“Retirement: It’s nice to get out of the rat race, but you have to learn to get along with less cheese.”
Today we attack the office, well, Mary’s office at home. The poor baby office was overloaded during Christmas! You know, everything you need to put up somewhere while Christmas is on display has to go somewhere. At Mary’s, everything went into the office. If it were Halloween, the office could go trick-or-treating as an overstuffed storage unit.
It was early in the day, and all of a sudden, I had a thought, always a dangerous thing to have: “If at first, you don’t succeed, skydiving is not for you.”
We talked a little about being retired, and Mary always had a good story about her patients.
We worked for six hours, and we were about 50% complete in our de-clutter process. We were slowed by the fact Mary had to go through files and see what she must keep and what needs to go.
We decided she would attack her file cabinet tomorrow. I sensed that the file cabinet needed a serious look since the top drawer was full of stone tablets. After opening the second drawer and seeing all the bats fly out, I decided a smart move was to let Mary go through the file cabinet while I watched, from a distance.
After declaring the morning’s work done, we decided to have lentil soup for dinner, so I volunteered to go to the market, get the ingredients needed to make the soup. When I said, “We Decided,” I had this vision of Mary assisting me.

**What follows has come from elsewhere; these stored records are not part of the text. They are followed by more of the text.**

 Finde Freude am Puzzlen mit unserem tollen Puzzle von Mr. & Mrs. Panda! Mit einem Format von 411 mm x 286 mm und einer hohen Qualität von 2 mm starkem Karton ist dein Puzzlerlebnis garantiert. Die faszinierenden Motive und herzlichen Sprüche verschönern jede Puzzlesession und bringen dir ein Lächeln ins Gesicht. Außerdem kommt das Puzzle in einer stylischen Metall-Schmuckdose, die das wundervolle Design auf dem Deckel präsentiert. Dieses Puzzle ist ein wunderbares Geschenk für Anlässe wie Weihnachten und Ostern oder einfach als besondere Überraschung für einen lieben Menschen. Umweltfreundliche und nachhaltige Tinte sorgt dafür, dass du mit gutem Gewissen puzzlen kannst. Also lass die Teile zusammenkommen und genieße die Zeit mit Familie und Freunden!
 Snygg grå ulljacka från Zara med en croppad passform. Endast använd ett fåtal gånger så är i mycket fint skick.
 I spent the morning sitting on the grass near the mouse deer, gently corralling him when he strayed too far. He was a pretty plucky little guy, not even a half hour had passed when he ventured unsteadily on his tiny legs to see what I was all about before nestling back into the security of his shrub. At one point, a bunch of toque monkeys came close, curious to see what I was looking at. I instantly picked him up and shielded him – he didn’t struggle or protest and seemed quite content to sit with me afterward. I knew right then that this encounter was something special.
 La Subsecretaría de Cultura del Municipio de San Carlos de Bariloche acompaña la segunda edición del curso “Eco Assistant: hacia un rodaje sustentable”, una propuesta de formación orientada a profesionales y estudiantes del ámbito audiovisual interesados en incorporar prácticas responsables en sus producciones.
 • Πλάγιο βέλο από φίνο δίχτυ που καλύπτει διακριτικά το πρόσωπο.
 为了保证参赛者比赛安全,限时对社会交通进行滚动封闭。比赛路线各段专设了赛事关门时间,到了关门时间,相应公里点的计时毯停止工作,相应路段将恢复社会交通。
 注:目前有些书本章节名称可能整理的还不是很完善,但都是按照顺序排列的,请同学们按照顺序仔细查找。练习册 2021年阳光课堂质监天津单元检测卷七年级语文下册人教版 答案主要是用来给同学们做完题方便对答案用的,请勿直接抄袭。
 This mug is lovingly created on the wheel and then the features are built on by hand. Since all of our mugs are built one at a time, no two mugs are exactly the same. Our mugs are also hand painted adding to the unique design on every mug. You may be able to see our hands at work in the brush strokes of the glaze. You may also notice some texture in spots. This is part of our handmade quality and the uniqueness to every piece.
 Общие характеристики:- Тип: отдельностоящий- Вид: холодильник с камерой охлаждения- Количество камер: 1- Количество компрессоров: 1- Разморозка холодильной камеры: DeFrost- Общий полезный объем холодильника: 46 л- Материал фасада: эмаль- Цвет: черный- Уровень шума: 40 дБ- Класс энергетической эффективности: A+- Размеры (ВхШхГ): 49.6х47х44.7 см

Alas, she was so dedicated to the office cleanup that she made me cook up the soup by my lonesome. I chopped, sliced, diced, measured, poured, and otherwise put everything together over about a thirty-minute period. My cooking is fabulous; even the smoke alarm is cheering me on. While I was slaving away, I heard Mary sounding like guys watching a football game!
I asked Mary what she thought of a guy who cooks, and she said, “A guy who knows how to cook is really handsome.” She is a smart lady!
We called Colleen on the Bat Phone and talked to her for quite a while. All is well on the east coast.
Mary reminded me, “Many people have eaten in this kitchen & have gone on to lead normal healthy lives.” I felt some sense of relief!
I told Mary of my friend, Greg, who I took to dinner at a fancy restaurant many years back. My friend Greg sat down at the table and looked at the menu. He told the waiter, “I think I will have the turtle soup.” The waiter leaves, but Greg changed his mind and wanted pea soup instead. Greg yelled at the top of his lungs to the waiter, “Hold the turtle; make it pea!” We are no longer are allowed in that restaurant.
We took Scout for a walk around 6:30 PM. He has a gentle way of reminding us of his needs. Dogs are that way, you know!
When we got home, Mary tried my soup. One taste, and she ran, screaming upstairs, yelling mild obscenities in several languages, all at once. She returned a few minutes later, her composure collected, and described the soup. None of the descriptions were, let’s say, a compliment! I think the reference to “boiled inner tubes” was the most hurtful!
I called the poison control unit of the local hospital. They were on alert in case any more symptoms show up! We decided the soup needed another hour to simmer. A decision was made to have some salad and ribs for dinner and save the “soup” for post-movie munchies and if it were not better, use it to fill the cracks in the sidewalk out front.
I remembered my mother used to feed me alphabet soup when I was a kid. She insisted I tell everyone that I loved it. I didn’t really; she was putting words in my mouth!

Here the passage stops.